The energy analysis of open feedwater heaters is identical to the energy analysis of mixing chambers. The feedwater heaters are generally well insulated (\dot{Q}=0) , and they do not involve any work interactions (\dot{W}=0) . By neglecting the kinetic and potential energies of the streams, the energy balance reduces for a feedwater heater to

\dot{E}_{\text {in }}=\dot{E}_{\text {out }} \rightarrow \sum_{\text {in }} \dot{m} h=\sum_{\text {out }} \dot{m} h

or

  y h_{6}+(1-y) h_{2}=1\left(h_{3}\right)

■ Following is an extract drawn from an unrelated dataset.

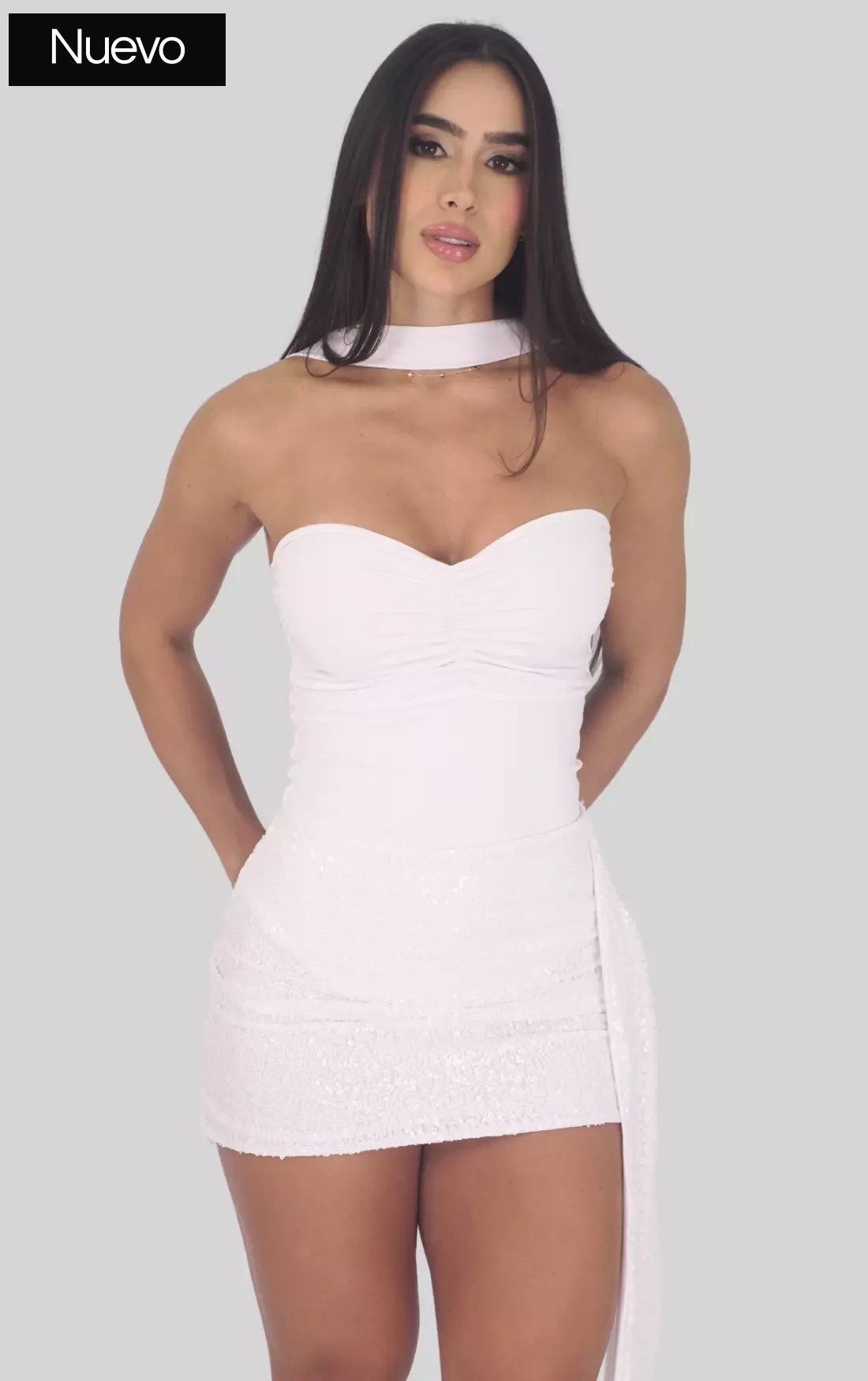 - Temporada festiva: Su diseño strapless con banda al cuello lo convierte en una pieza ideal para celebraciones o cenas especiales.

where y is the fraction of steam extracted from the turbine \left(=\dot{m}_{6} / \dot{m}_{5}\right) . Solving for y and substituting the enthalpy values, we find

y=\frac{h_{3}-h_{2}}{h_{6}-h_{2}}=\frac{798.33-193.01}{2860.2-193.01}= 0 . 2 2 7 0

Thus,

\begin{aligned} q_{\text {in }} &=h_{5}-h_{4}=(3583.1-814.03) kJ / kg =2769.1 kJ / kg \\ q_{\text {out }} &=(1-y)\left(h_{7}-h_{1}\right)=(1-0.2270)(2115.3-191.81) kJ / kg \\ &=1486.9 kJ / kg \end{aligned}

and

\eta_{\text {th }}=1-\frac{q_{\text {out }}}{q_{\text {in }}}=1-\frac{1486.9 kJ / kg }{2769.1 kJ / kg }=0.463 \text { or } 46.3 \%

Discussion This problem was worked out in Example 10–3c for the same pressure and temperature limits but without the regeneration process. A comparison of the two results reveals that the thermal efficiency of the cycle has increased from 43.0 to 46.3 percent as a result of regeneration. The net work output decreased by 171 kJ/kg, but the heat input decreased by 607 kJ/kg, which results in a net increase in the thermal efficiency.